Research reportMolecular biology of 5-HT receptors
Introduction
Serotonin (5-hydroxytryptamine; 5-HT) as a neurotransmitter acts via membrane receptors in the central nervous (CNS) and the peripheral nervous system (PNS), as well as in non-neuronal tissues (e.g. blood, gastro intestinal, endocrine, sensory and cardiovascular systems, to name a few). 5-HT is one of the oldest neurotransmitters/hormones in evolution, and its receptors are estimated to have appeared 700–800 Mio years in single cell eukaryotes such as paramecia; 5-HT receptors are found in such diverse species from planaria, c. Elegans, and drosophila to man are, and are rather well conserved. This may explain why 5-HT interacts with such a diversity of receptors of the G-protein-coupled family and the ligand-gated family, similarly to acetylcholine, GABA or glutamate, but with more receptor subtypes and a larger diversity at play. They may actually have been amongst the first rhodopsin-like receptors reacting to a chemical. The major classes of 5-HT receptors must have diverged about 750 millions years ago, long before cholinergic, adrenergic or dopaminergic receptors, although the GPCR family may date from >1 billion years.
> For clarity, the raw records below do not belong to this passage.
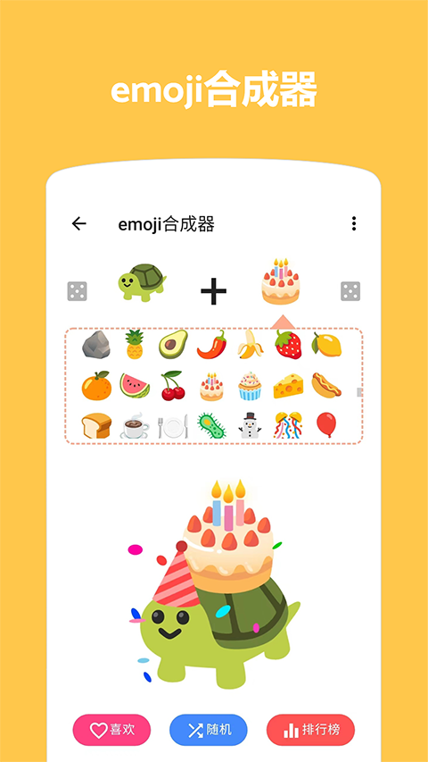 1、emoji制作 DIY个性emoji表情包,打造专属emoji表情包。将emoji表情元素拆分,再搭配组合新的emoji表情,支持生成高清大图和小图,一键作为表情分享到微信。 2、emoji合成器 两个emoji表情合成新的表情贴纸,支持随机组合。创意表情包生成器,emojimix合成器。 3、图片加emoji 内置海量emoji贴纸,多种emoji风格自由切换,支持自由组合emoji表情、自定义贴图、滤镜、涂鸦、添加文字。 4、表情包专辑 每日更新网络热门表情包、斗图表情、自制表情包、搞笑表情包、撩妹表情包、动态表情包、自拍表情包、表情包大乱斗、p图表情包等。Emoji表情贴图App图片emoji风格切换教程
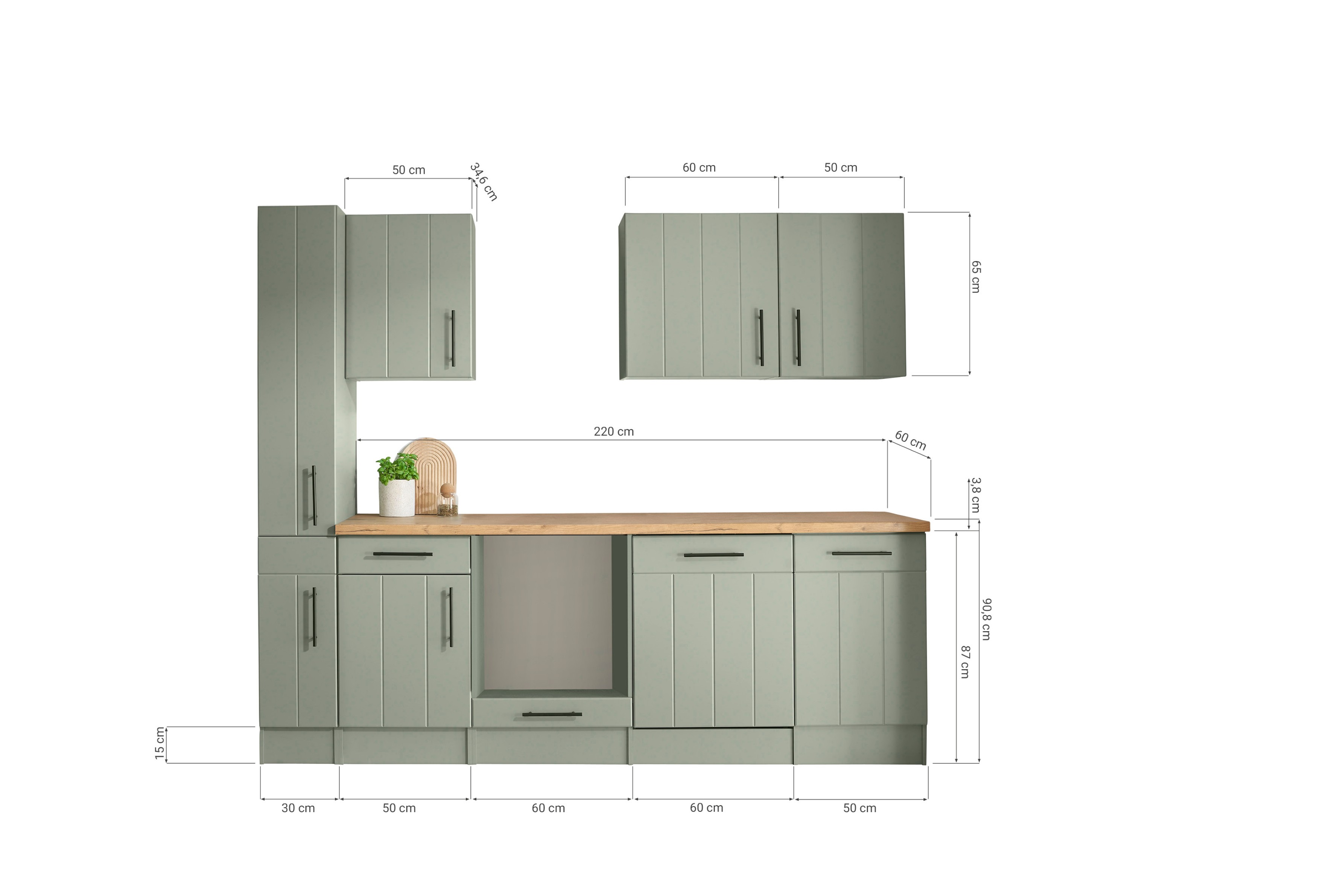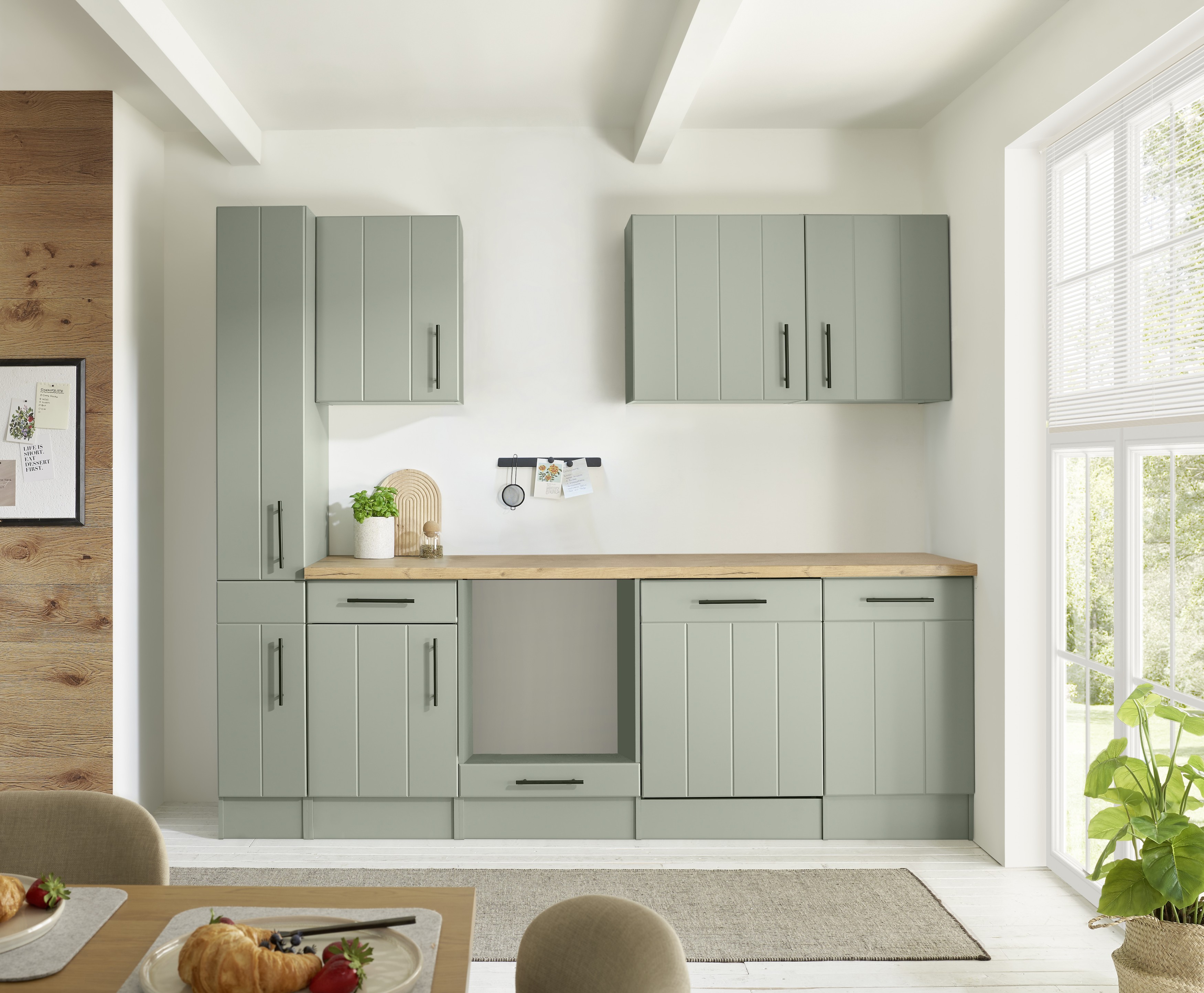 Küche Leerblock Anton – 250 cm Landhausküche in Schilfgrün
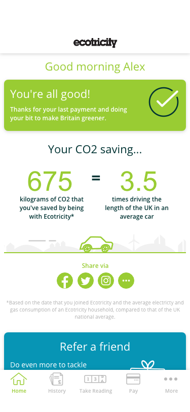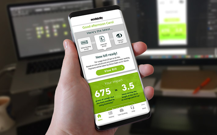 Ecotricity is a green energy provider built on the principle of heavily reinvesting its profit in to building more green energy infrastructure (e.g. windmills, sunmills) and creating a sustainable future. I was approached by Ecotricity to work with their in-house team to completely redesign their customer facing mobile app for iOS and Android.
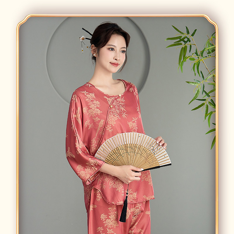 上海故事2025年春夏新款新中式冰丝睡衣女国风七分袖家居服礼盒
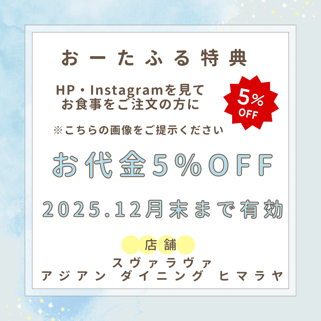 おーたふるHP・Instagramをみて、お食事をご注文の方にお代金の5%割引!
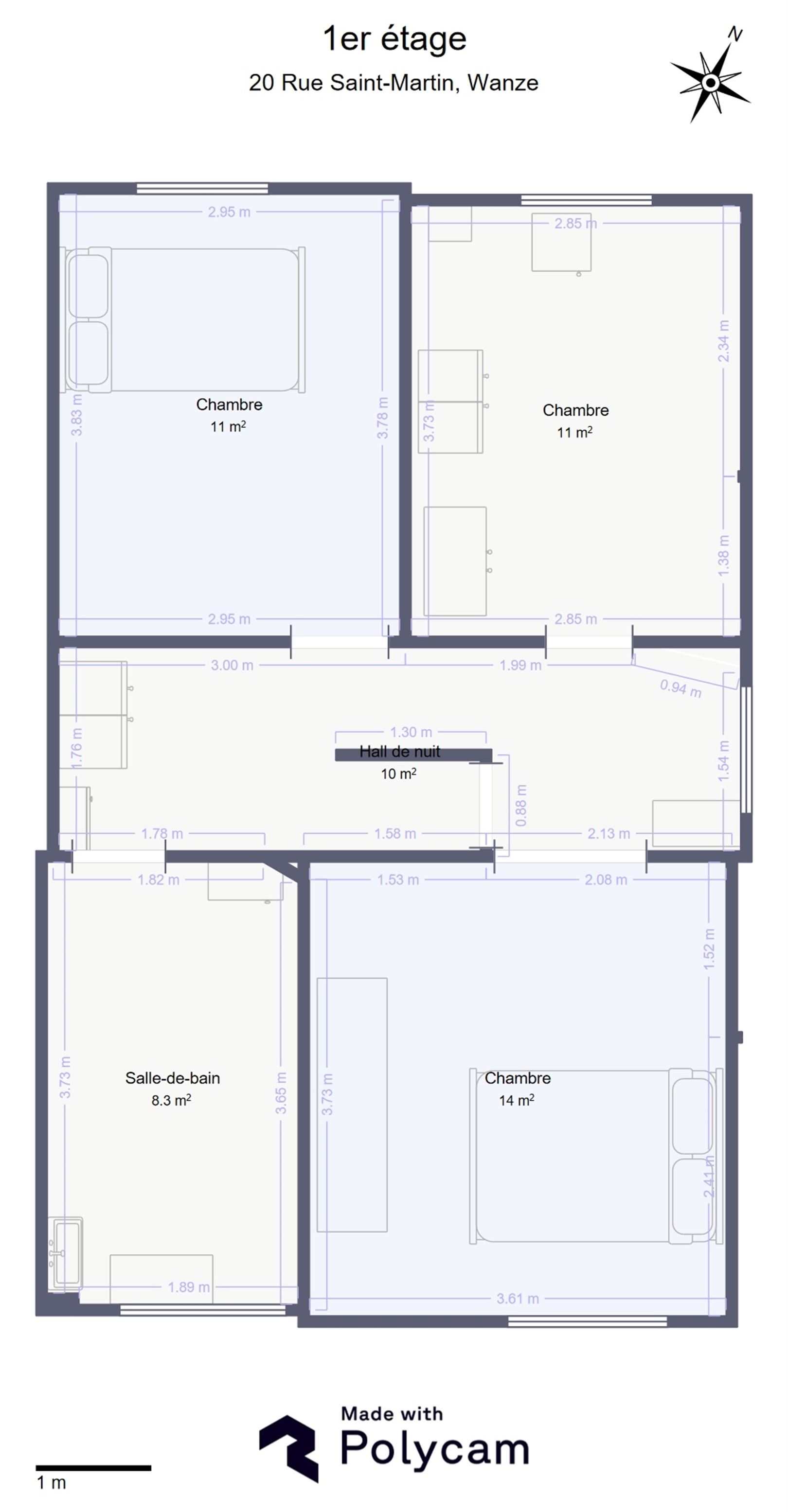 Hall de nuit desservant trois belles chambres (14 m², 11 m² et 11 m²) et une salle de bain.

Serotonin was first described as enteramine, which was isolated from the gut in the 1930s by Ersparmer and colleagues and shown to cause contraction of the uterus. 5-HT was rediscovered in the 1940s by Irvin Page's group in the circulation and called serotonin, based on its vasoconstrictor features (although it also relaxes blood vessels); eventually Maurice Rapport purified, crystallized and characterized the molecule from vast amounts of blood. Rapport found that enteramine and serotonin covered the same entity, namely 5-hydroxytryptamine, which indeed contained an indole as already suggested by Ersparmer and eventually the two groups came to the same conclusion. The availability of synthetic 5-HT was the real start of the 5-HT saga in pharmacological terms.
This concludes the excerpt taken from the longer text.